Input data:
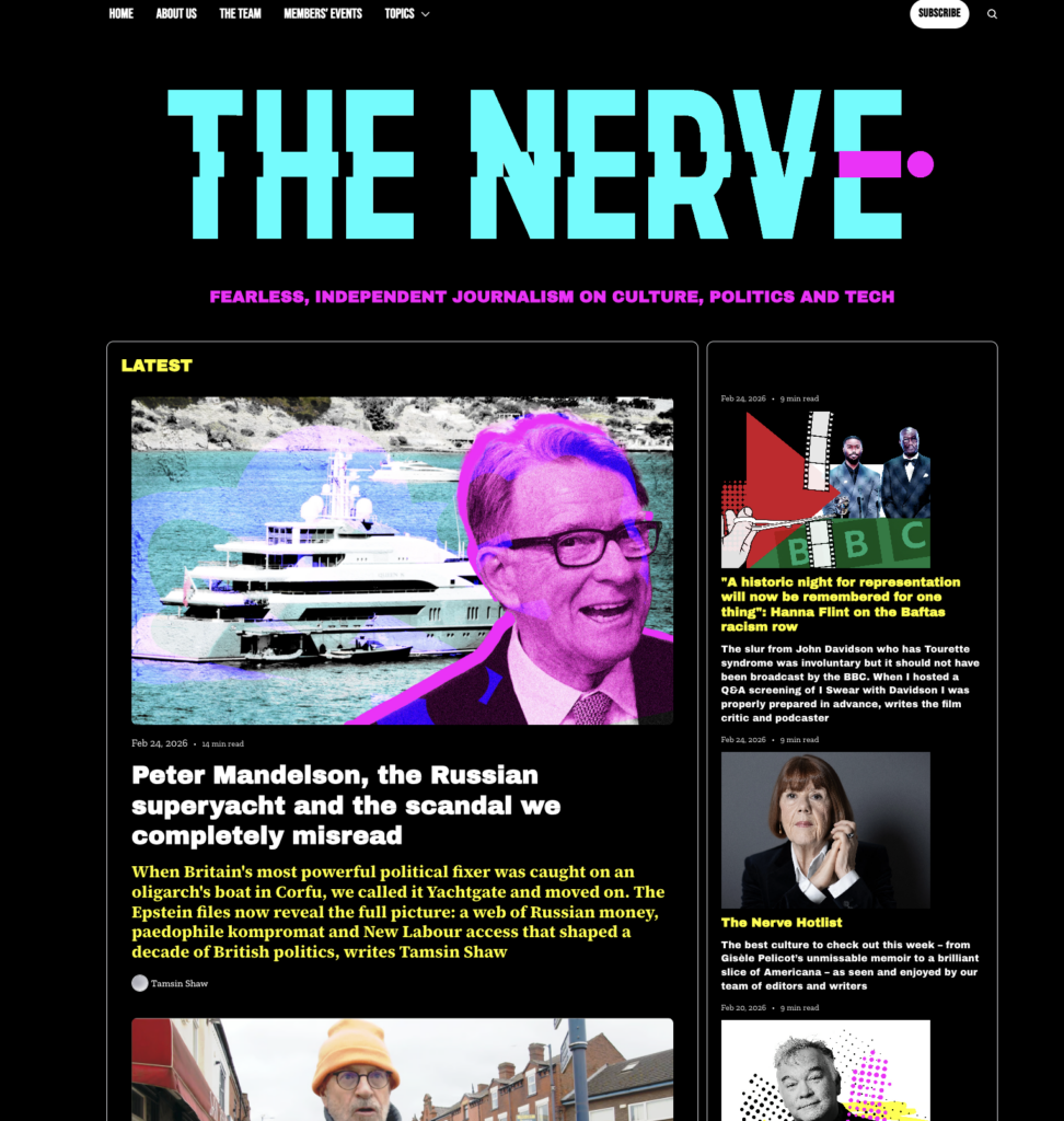 The Nerve, launched by former journalists from The Observer, is a compelling example. The model is built around a newsletter, a distinctive editorial voice and a direct relationship with a community of readers. The ambition is not mass reach, but a loyal, engaged readership willing to financially support the project.
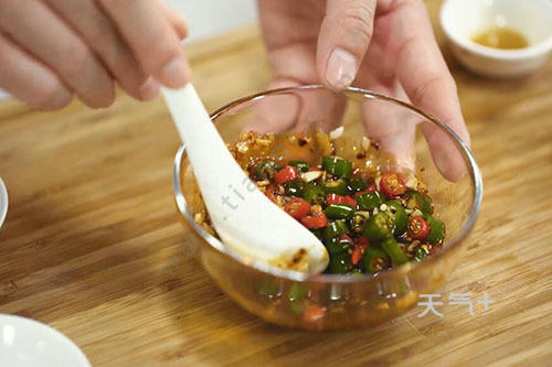4.碗中放入盐半勺、鸡精半勺、生抽1勺、醋半勺、辣椒油1勺、切好的杭椒、小米椒、蒜末成酱汁;
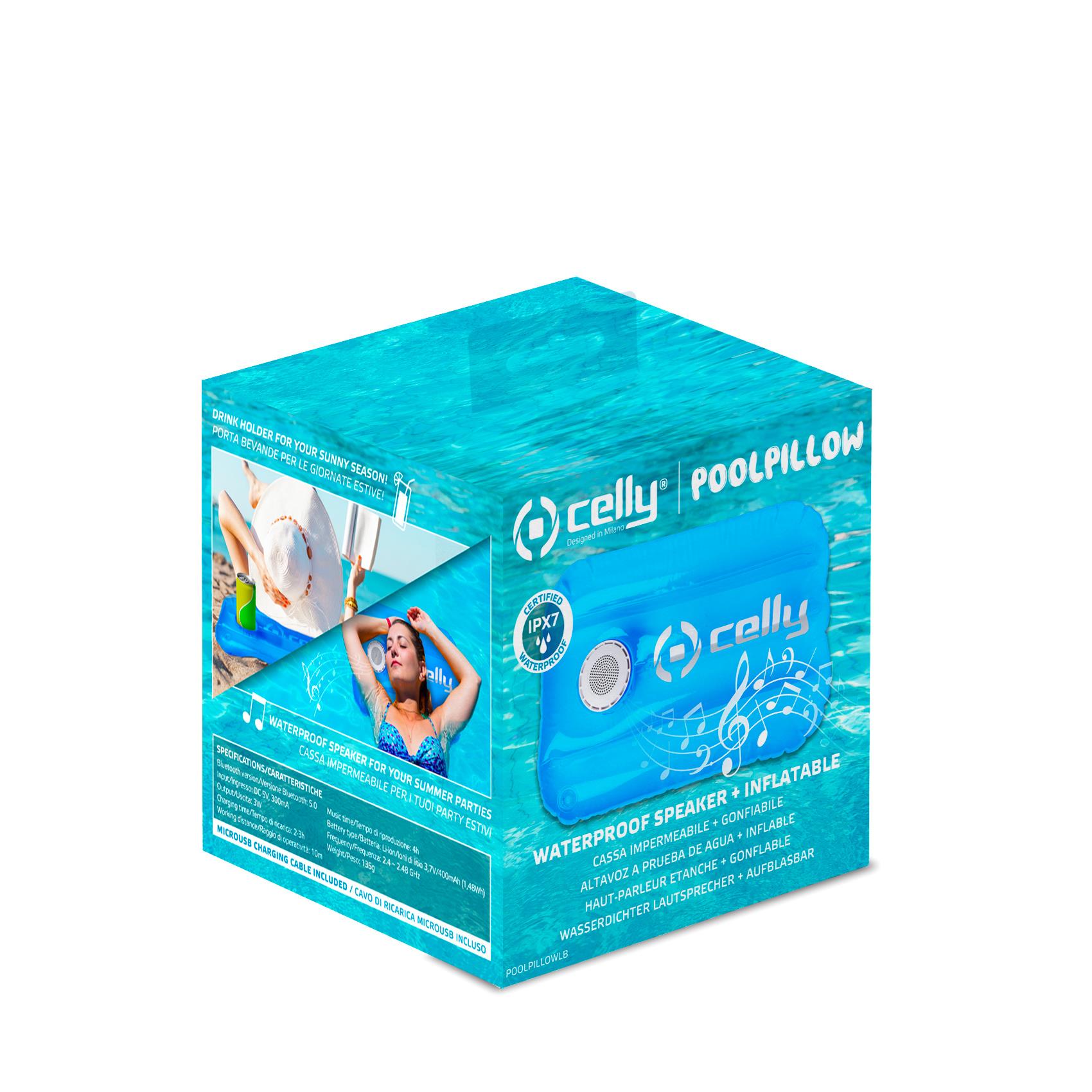 Lo speaker Bluetooth Celly POOLPILLOW è il compagno ideale per le tue giornate all’aperto. Grazie alla sua resistenza all’acqua, puoi portare la tua musica in piscina, al mare o in giardino senza preoccupazioni. Offre fino a 4 ore di riproduzione continua con un suono chiaro e potente, perfetto per creare l’atmosfera giusta in ogni occasione estiva.

Task item: Repeat the listing above exactly from its first line to the line containing "4.碗中放入盐半勺、鸡精半勺", both included, and omit the pictures.

Exercise solution:
 The Nerve, launched by former journalists from The Observer, is a compelling example. The model is built around a newsletter, a distinctive editorial voice and a direct relationship with a community of readers. The ambition is not mass reach, but a loyal, engaged readership willing to financially support the project.
4.碗中放入盐半勺、鸡精半勺、生抽1勺、醋半勺、辣椒油1勺、切好的杭椒、小米椒、蒜末成酱汁;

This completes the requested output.